DataBunch and Model¶

Here we use a technique called progressive resizing. At each step the model is loaded with weights trained on images of lower sizes.

In [0]:

def get_data(size, batch_size):
  """
  function that returns a DataBunch as needed for the Learner
  """
  train = pd.read_csv("train.csv")
  src = (ImageList.from_df(train, path="data/", folder="train/train_images/").split_by_rand_pct(0.1).label_from_df())
  src.add_test_folder("test/test_images/")
  tfms = get_transforms(do_flip=True, flip_vert=False, max_rotate=10.0, 
                      max_zoom=1.1, max_lighting=0.2, max_warp=0.2, p_affine=0.75, p_lighting=0.75)

  data = (src.transform(
      tfms,
      size=size,
      resize_method=ResizeMethod.SQUISH)
      .databunch(bs=batch_size)
      .normalize(imagenet_stats))
  assert sorted(set(train.ClassName.unique())) == sorted(data.classes), "Class Mismatch"
  print("[INFO] Number of Classes: ", data.c)
  data.num_workers = 4
  return data

In [0]:

sample_data = get_data(32, (2048//32))
sample_data.show_batch(3, 3)

[INFO] Number of Classes:  61

As you can see, the transforms have been applied and the image is normalized as well!

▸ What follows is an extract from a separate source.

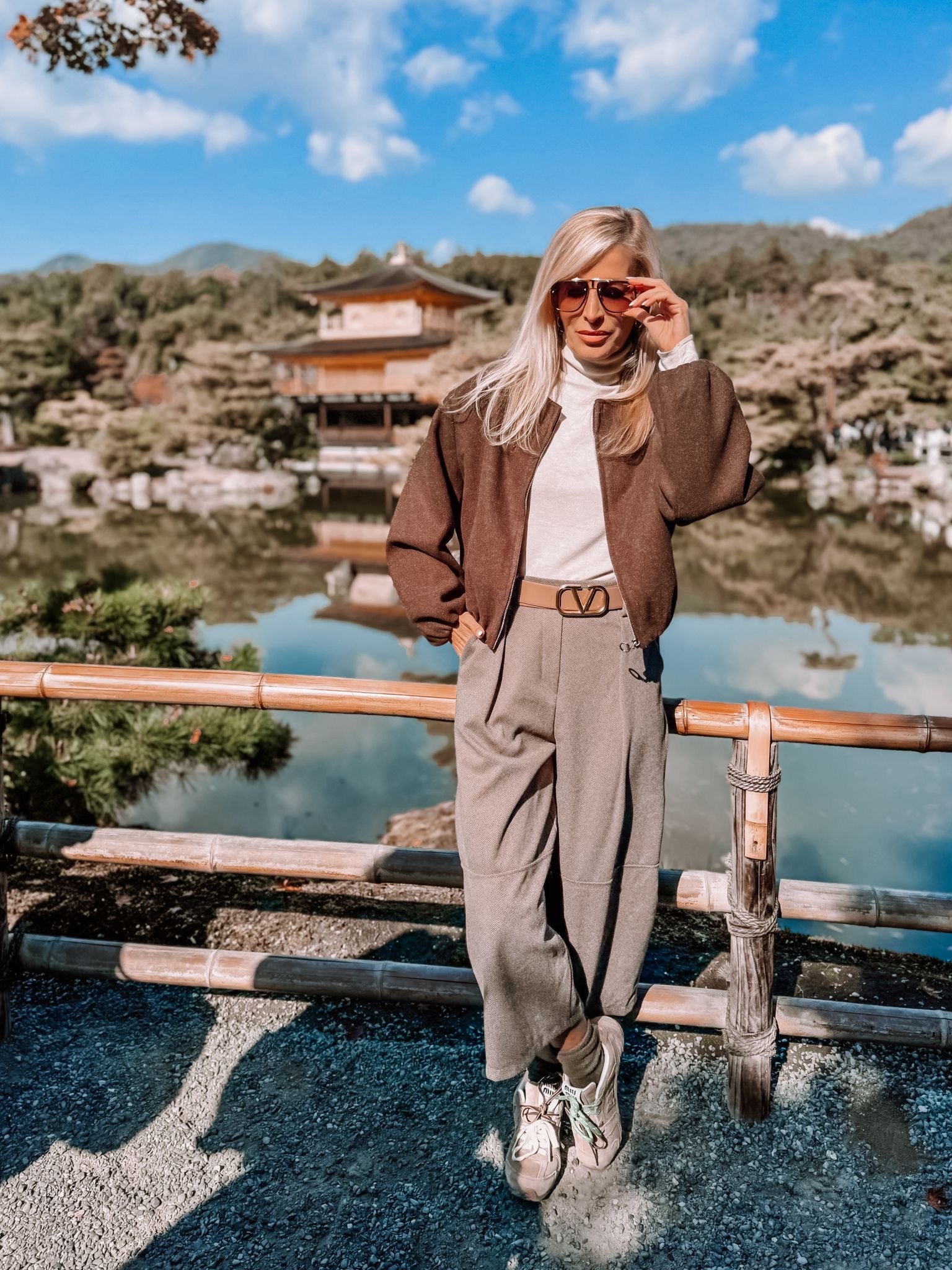 Pantalón globo, espiga, con cinturón

We first initialize all the models.

In [0]:

learn = create_cnn(get_data(32, (2048//32)), models.densenet161, 
                   metrics=[accuracy, FBeta(beta=1,average='macro')])
learn.model_dir = "models/"
learn.save("densenet_32")

learn = create_cnn(get_data(64, (2048//64)), models.densenet161, 
                   metrics=[accuracy, FBeta(beta=1,average='macro')]).load("densenet_32")
learn.model_dir = "models/"
learn.save("densenet_64")

learn = create_cnn(get_data(128, (2048//128)), models.densenet161, 
                   metrics=[accuracy, FBeta(beta=1,average='macro')]).load("densenet_64")
learn.model_dir = "models/"
learn.save("densenet_128")

learn = create_cnn(get_data(256, (2048//256)), models.densenet161, 
                   metrics=[accuracy, FBeta(beta=1,average='macro')]).load("densenet_128")
learn.model_dir = "models/"
learn.save("densenet_256")

[INFO] Number of Classes:  61

Downloading: "https://download.pytorch.org/models/densenet161-8d451a50.pth" to /root/.cache/torch/checkpoints/densenet161-8d451a50.pth

[INFO] Number of Classes:  61
[INFO] Number of Classes:  61
[INFO] Number of Classes:  61

In [0]:

def train_model(size, iter1, iter2, mixup=False):
  """
  function to quickly train a model for a certain number of iterations.
  """
  size_match = {"256": "128", "128": "64", "64": "32"}
  learn = create_cnn(get_data(size, (2048//size)), models.densenet161, 
                     metrics=[accuracy, 
                              FBeta(beta=1,average='macro')])
  learn.model_dir = "models/"
  if mixup:
    learn.mixup()
  if str(size) != str(32):
    learn.load("densenet_" + str(size_match[str(size)]))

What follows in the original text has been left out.